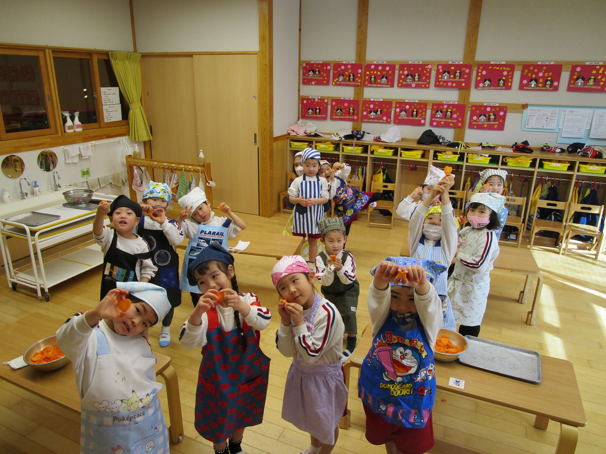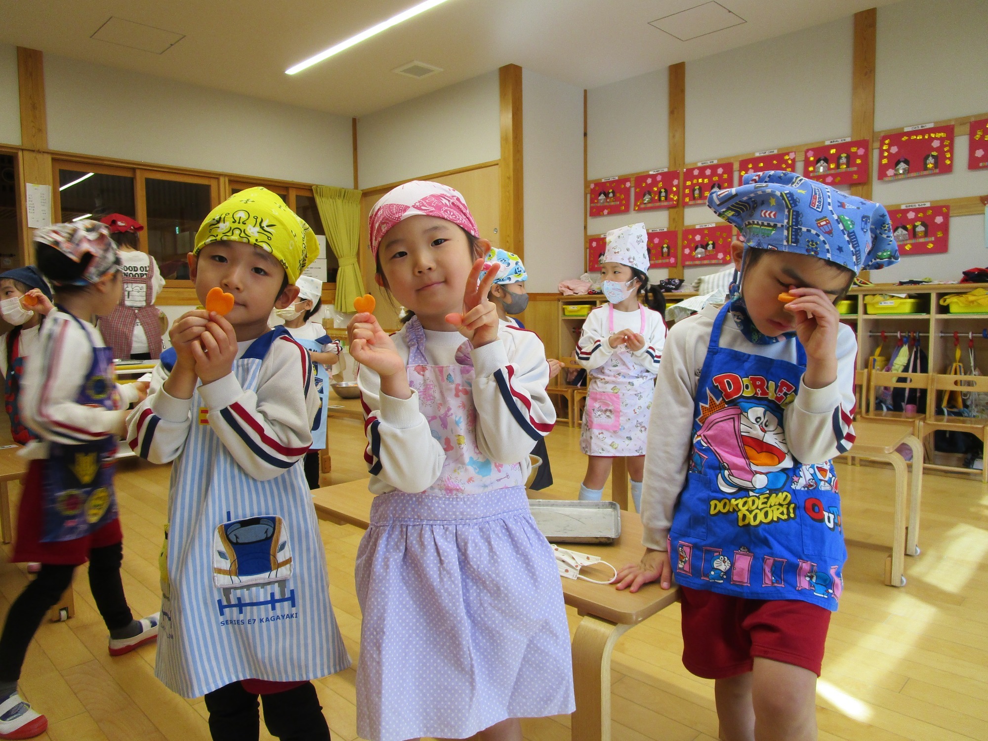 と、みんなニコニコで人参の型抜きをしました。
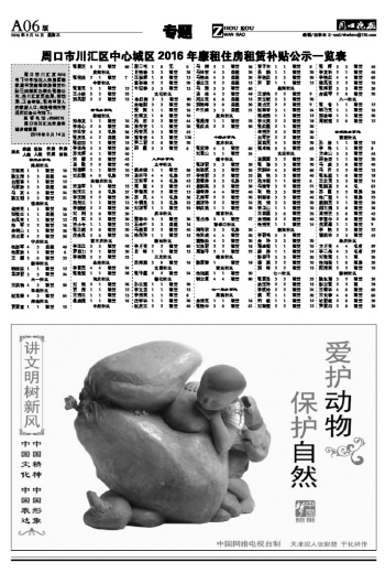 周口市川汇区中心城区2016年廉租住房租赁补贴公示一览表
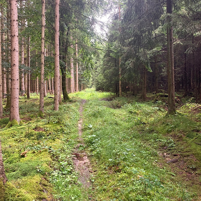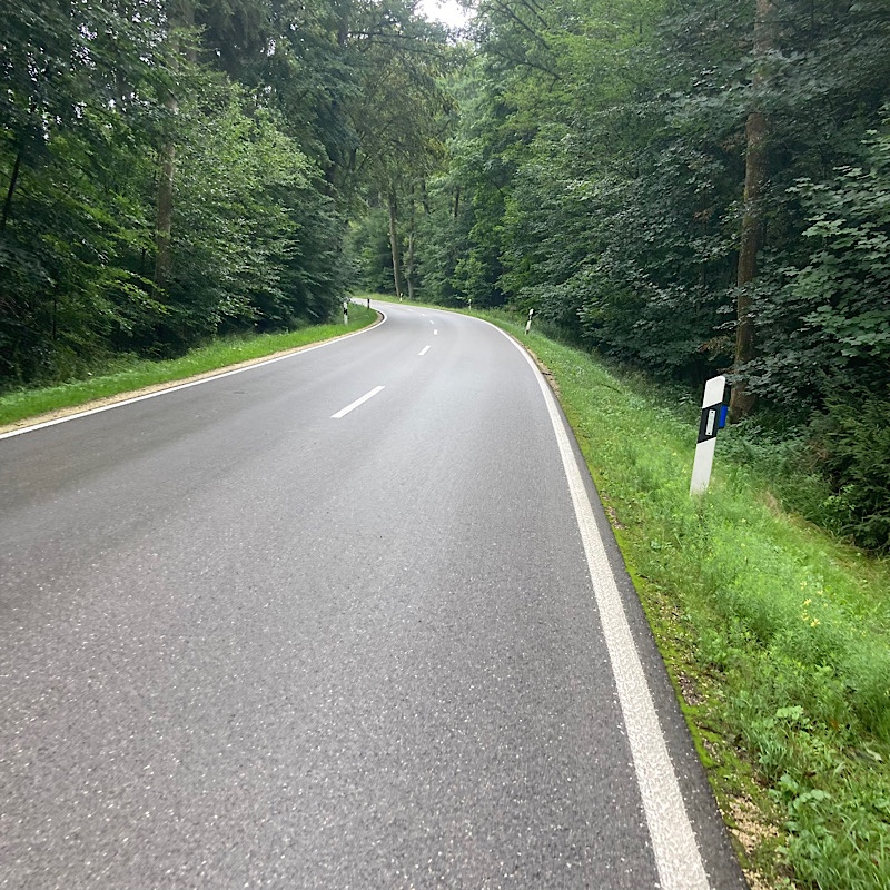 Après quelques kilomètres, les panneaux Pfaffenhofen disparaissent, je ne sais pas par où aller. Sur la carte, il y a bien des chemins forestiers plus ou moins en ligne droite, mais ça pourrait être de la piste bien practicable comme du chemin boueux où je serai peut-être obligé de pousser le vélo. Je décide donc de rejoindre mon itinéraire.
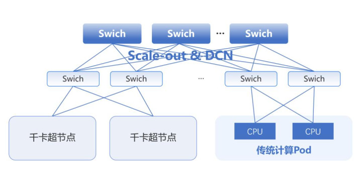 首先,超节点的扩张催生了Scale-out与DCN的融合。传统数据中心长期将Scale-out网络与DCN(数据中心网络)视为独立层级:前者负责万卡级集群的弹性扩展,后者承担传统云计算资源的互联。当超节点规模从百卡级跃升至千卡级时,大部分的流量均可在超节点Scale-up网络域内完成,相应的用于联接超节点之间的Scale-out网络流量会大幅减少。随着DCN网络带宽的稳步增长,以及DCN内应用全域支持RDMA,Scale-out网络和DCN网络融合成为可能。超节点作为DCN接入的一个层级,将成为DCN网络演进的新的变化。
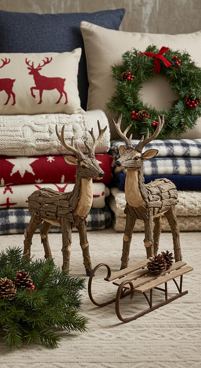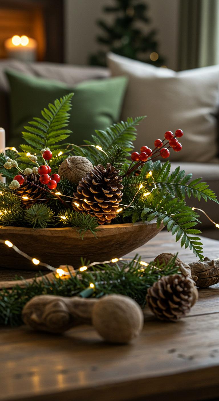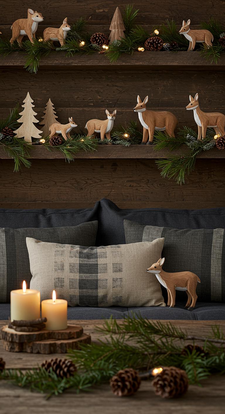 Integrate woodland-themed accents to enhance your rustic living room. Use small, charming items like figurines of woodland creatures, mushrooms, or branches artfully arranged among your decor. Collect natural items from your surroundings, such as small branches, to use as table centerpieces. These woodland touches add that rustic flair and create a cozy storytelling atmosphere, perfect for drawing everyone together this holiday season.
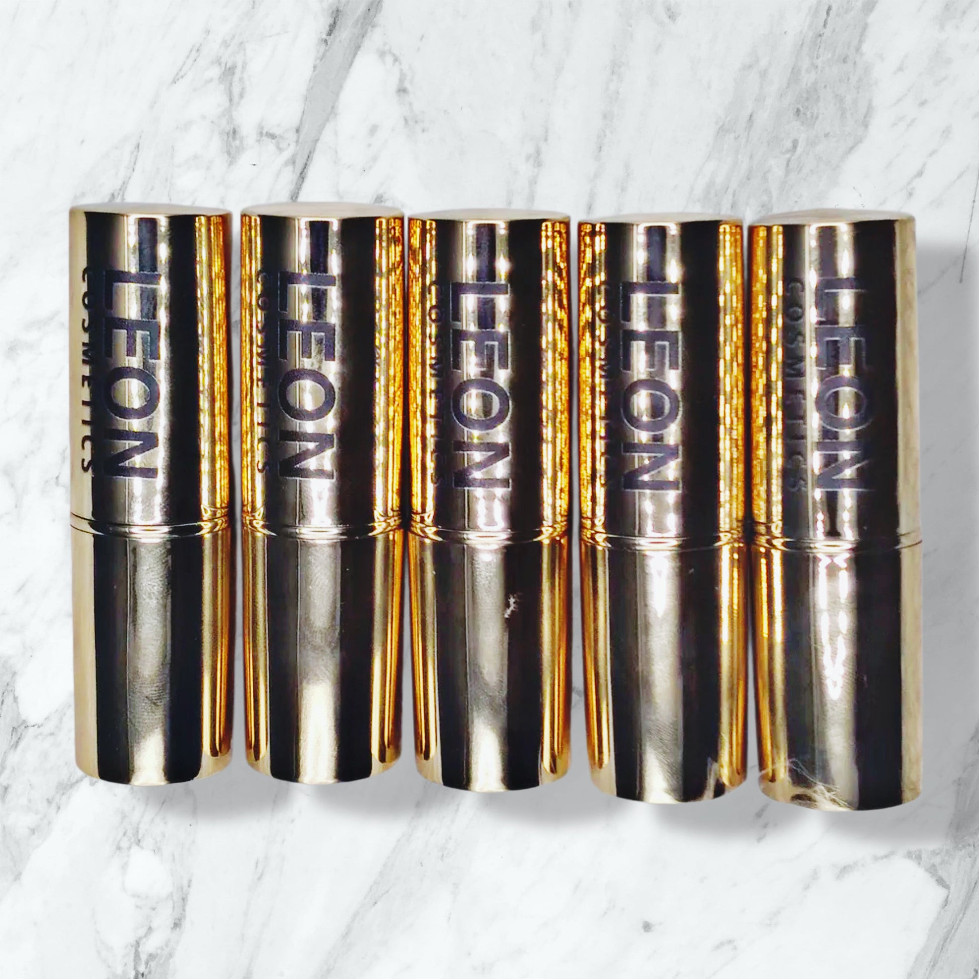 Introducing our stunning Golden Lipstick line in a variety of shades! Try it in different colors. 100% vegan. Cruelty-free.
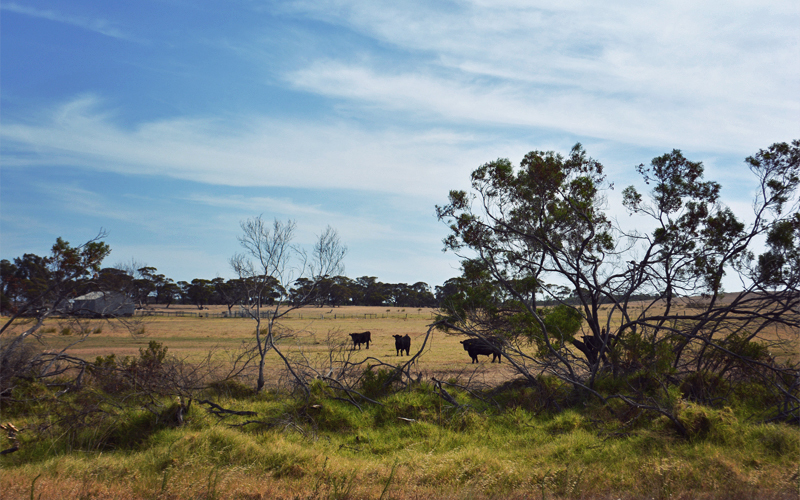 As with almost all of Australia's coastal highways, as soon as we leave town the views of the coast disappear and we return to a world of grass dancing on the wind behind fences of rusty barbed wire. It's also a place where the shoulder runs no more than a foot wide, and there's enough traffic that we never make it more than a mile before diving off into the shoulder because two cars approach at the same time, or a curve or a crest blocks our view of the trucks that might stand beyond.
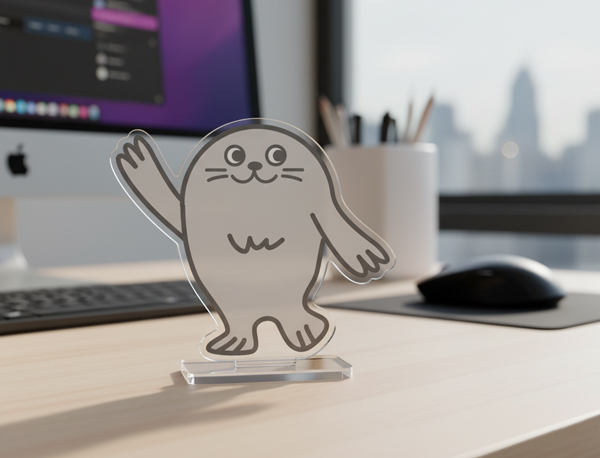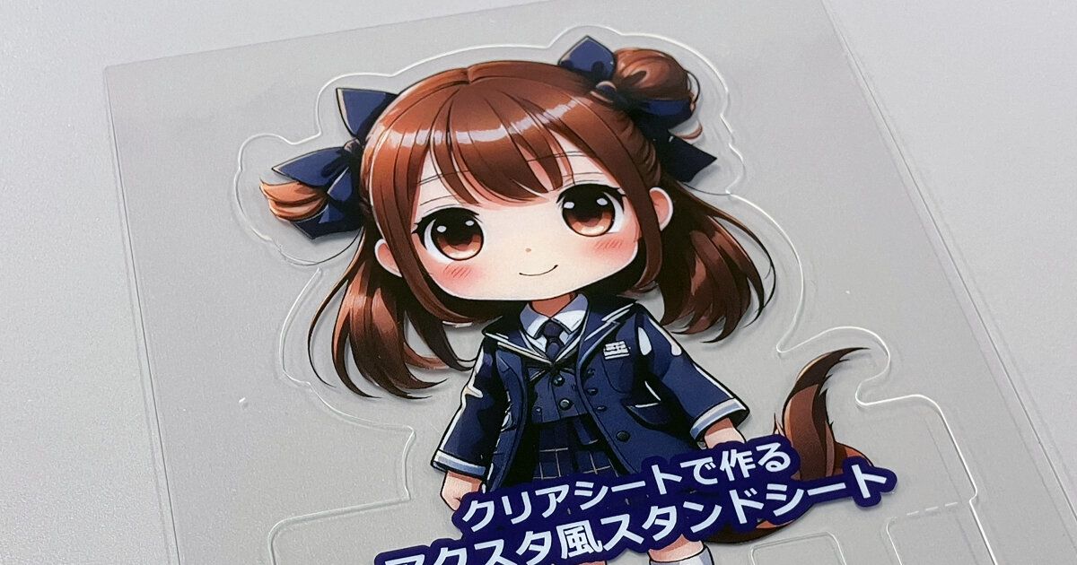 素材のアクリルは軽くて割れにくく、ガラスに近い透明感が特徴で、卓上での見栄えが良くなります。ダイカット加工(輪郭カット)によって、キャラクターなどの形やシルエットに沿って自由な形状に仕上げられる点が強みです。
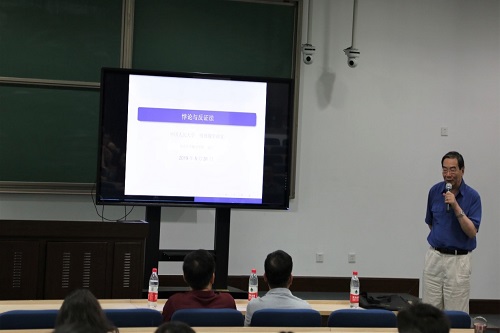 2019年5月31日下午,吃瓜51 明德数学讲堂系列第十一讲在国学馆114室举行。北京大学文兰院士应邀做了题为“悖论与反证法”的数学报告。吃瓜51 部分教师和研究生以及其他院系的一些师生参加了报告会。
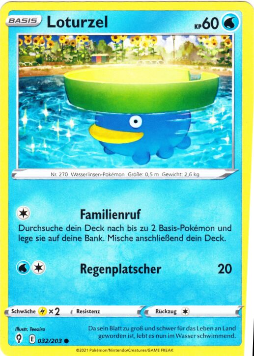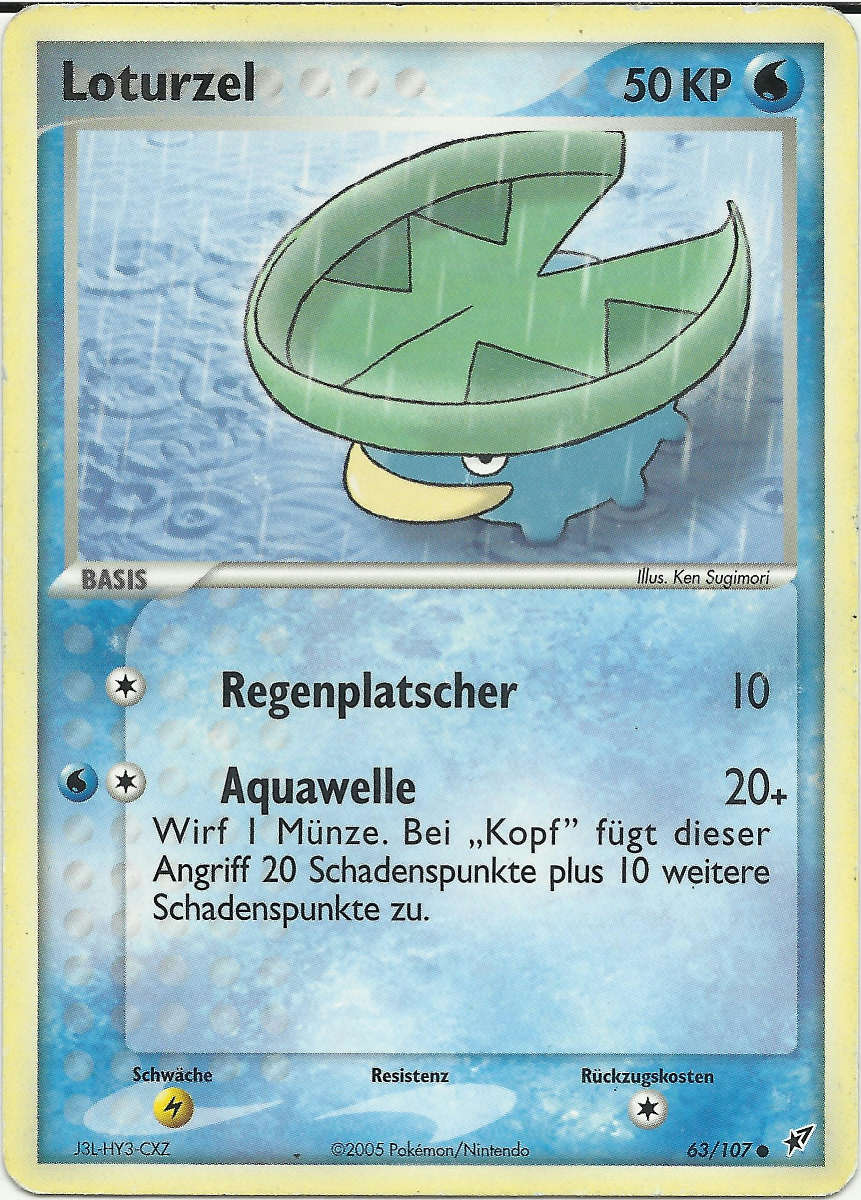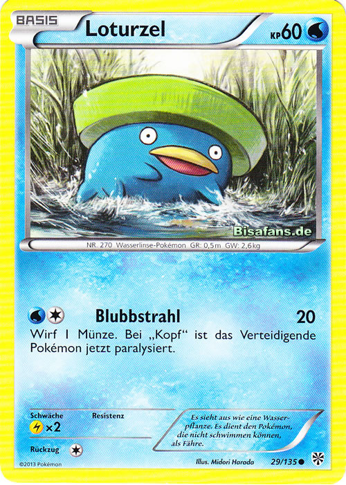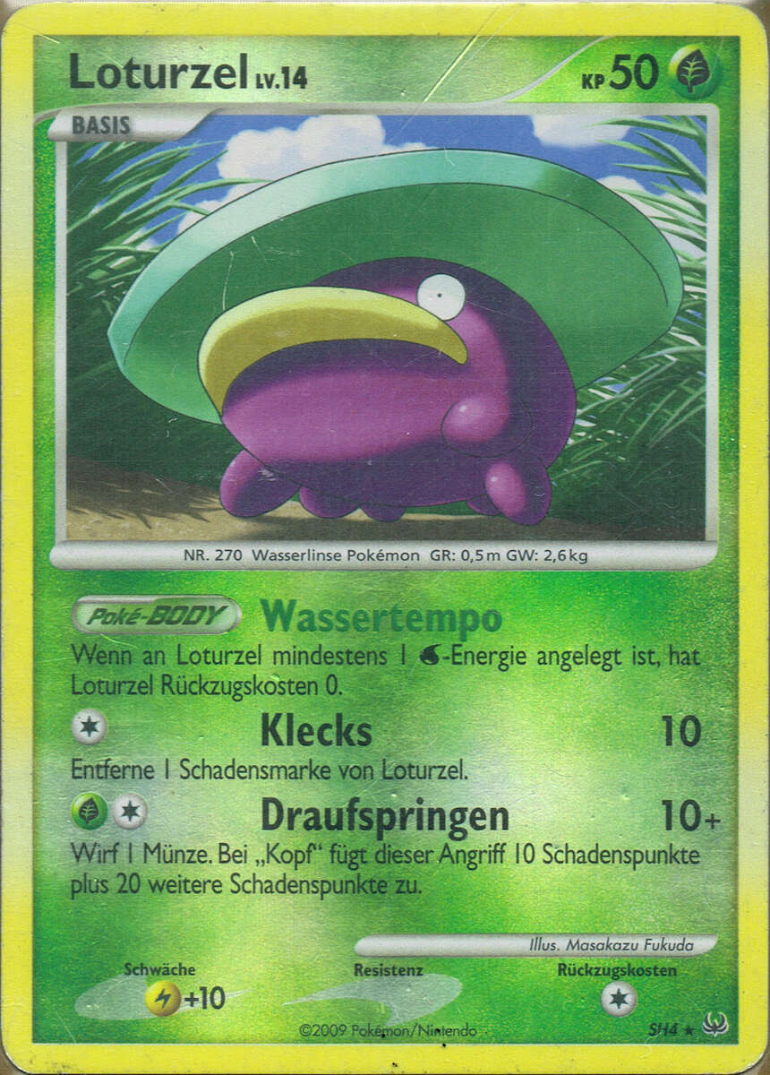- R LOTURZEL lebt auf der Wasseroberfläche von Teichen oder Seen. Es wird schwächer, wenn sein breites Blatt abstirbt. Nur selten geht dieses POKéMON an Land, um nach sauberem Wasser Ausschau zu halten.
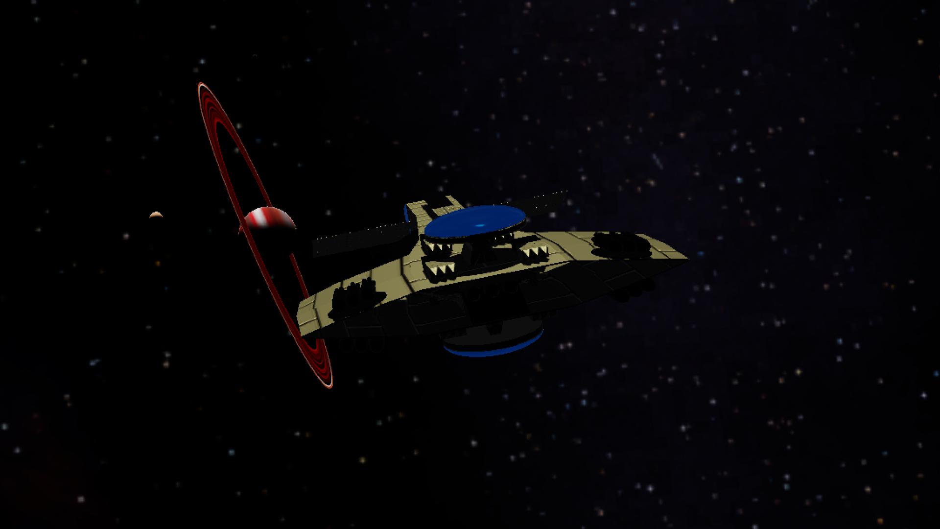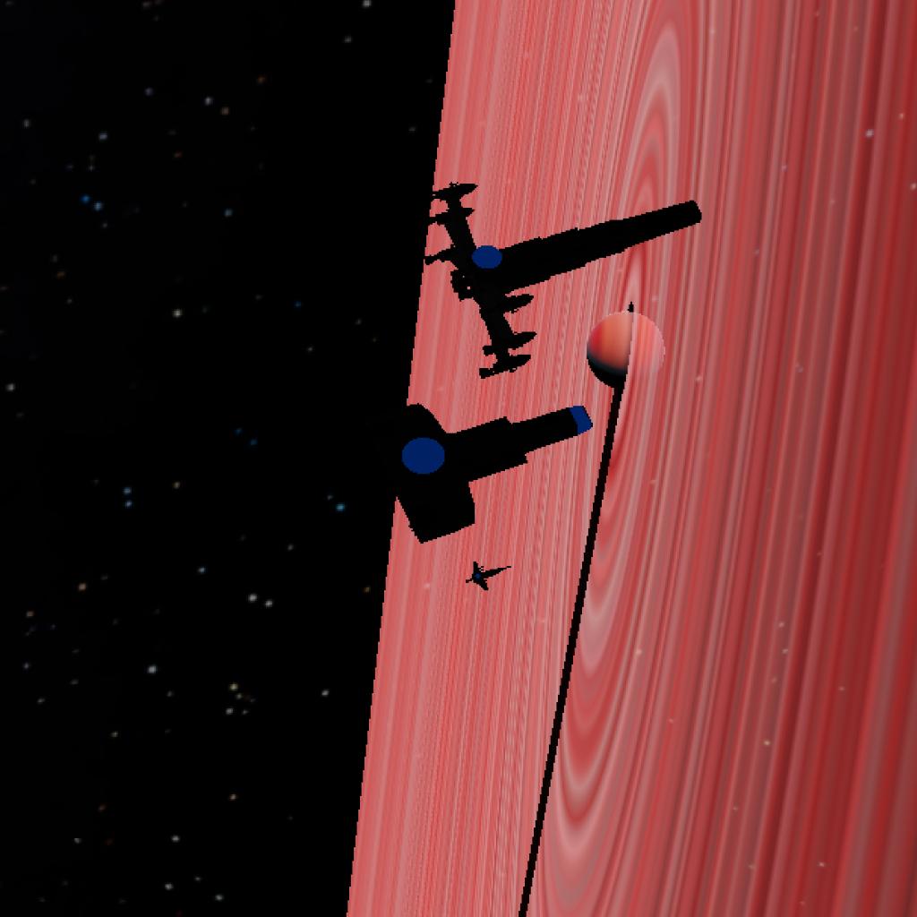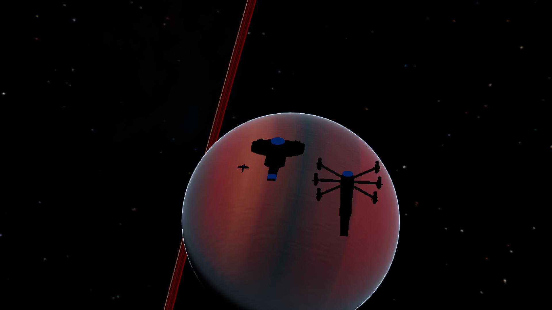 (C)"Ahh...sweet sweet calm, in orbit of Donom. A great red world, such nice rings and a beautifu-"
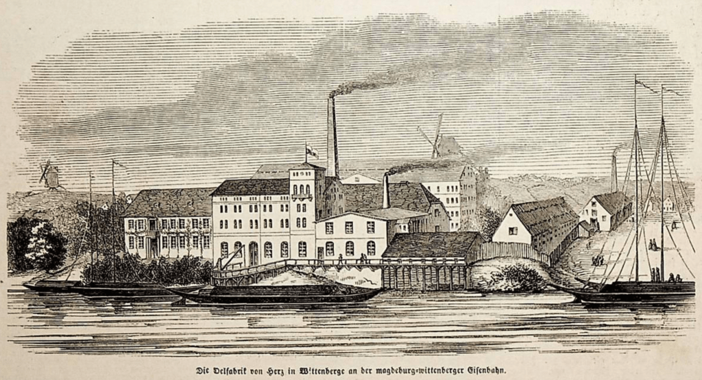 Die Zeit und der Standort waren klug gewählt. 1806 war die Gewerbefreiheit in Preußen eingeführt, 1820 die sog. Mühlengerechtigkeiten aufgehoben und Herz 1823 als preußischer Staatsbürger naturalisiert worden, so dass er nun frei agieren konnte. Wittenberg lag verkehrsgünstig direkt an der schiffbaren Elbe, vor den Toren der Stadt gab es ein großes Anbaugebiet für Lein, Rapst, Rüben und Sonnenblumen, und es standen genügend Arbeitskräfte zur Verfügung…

* * * * * * * * *

(Problem to solve):
Quote the material in full and exactly; do not carry over its pictures.

(Output for this exercise):
 と、みんなニコニコで人参の型抜きをしました。
 周口市川汇区中心城区2016年廉租住房租赁补贴公示一览表
 Après quelques kilomètres, les panneaux Pfaffenhofen disparaissent, je ne sais pas par où aller. Sur la carte, il y a bien des chemins forestiers plus ou moins en ligne droite, mais ça pourrait être de la piste bien practicable comme du chemin boueux où je serai peut-être obligé de pousser le vélo. Je décide donc de rejoindre mon itinéraire.
 首先,超节点的扩张催生了Scale-out与DCN的融合。传统数据中心长期将Scale-out网络与DCN(数据中心网络)视为独立层级:前者负责万卡级集群的弹性扩展,后者承担传统云计算资源的互联。当超节点规模从百卡级跃升至千卡级时,大部分的流量均可在超节点Scale-up网络域内完成,相应的用于联接超节点之间的Scale-out网络流量会大幅减少。随着DCN网络带宽的稳步增长,以及DCN内应用全域支持RDMA,Scale-out网络和DCN网络融合成为可能。超节点作为DCN接入的一个层级,将成为DCN网络演进的新的变化。
 Integrate woodland-themed accents to enhance your rustic living room. Use small, charming items like figurines of woodland creatures, mushrooms, or branches artfully arranged among your decor. Collect natural items from your surroundings, such as small branches, to use as table centerpieces. These woodland touches add that rustic flair and create a cozy storytelling atmosphere, perfect for drawing everyone together this holiday season.
 Introducing our stunning Golden Lipstick line in a variety of shades! Try it in different colors. 100% vegan. Cruelty-free.
 As with almost all of Australia's coastal highways, as soon as we leave town the views of the coast disappear and we return to a world of grass dancing on the wind behind fences of rusty barbed wire. It's also a place where the shoulder runs no more than a foot wide, and there's enough traffic that we never make it more than a mile before diving off into the shoulder because two cars approach at the same time, or a curve or a crest blocks our view of the trucks that might stand beyond.
 素材のアクリルは軽くて割れにくく、ガラスに近い透明感が特徴で、卓上での見栄えが良くなります。ダイカット加工(輪郭カット)によって、キャラクターなどの形やシルエットに沿って自由な形状に仕上げられる点が強みです。
 2019年5月31日下午,吃瓜51 明德数学讲堂系列第十一讲在国学馆114室举行。北京大学文兰院士应邀做了题为“悖论与反证法”的数学报告。吃瓜51 部分教师和研究生以及其他院系的一些师生参加了报告会。
- R LOTURZEL lebt auf der Wasseroberfläche von Teichen oder Seen. Es wird schwächer, wenn sein breites Blatt abstirbt. Nur selten geht dieses POKéMON an Land, um nach sauberem Wasser Ausschau zu halten.
 (C)"Ahh...sweet sweet calm, in orbit of Donom. A great red world, such nice rings and a beautifu-"
 Die Zeit und der Standort waren klug gewählt. 1806 war die Gewerbefreiheit in Preußen eingeführt, 1820 die sog. Mühlengerechtigkeiten aufgehoben und Herz 1823 als preußischer Staatsbürger naturalisiert worden, so dass er nun frei agieren konnte. Wittenberg lag verkehrsgünstig direkt an der schiffbaren Elbe, vor den Toren der Stadt gab es ein großes Anbaugebiet für Lein, Rapst, Rüben und Sonnenblumen, und es standen genügend Arbeitskräfte zur Verfügung…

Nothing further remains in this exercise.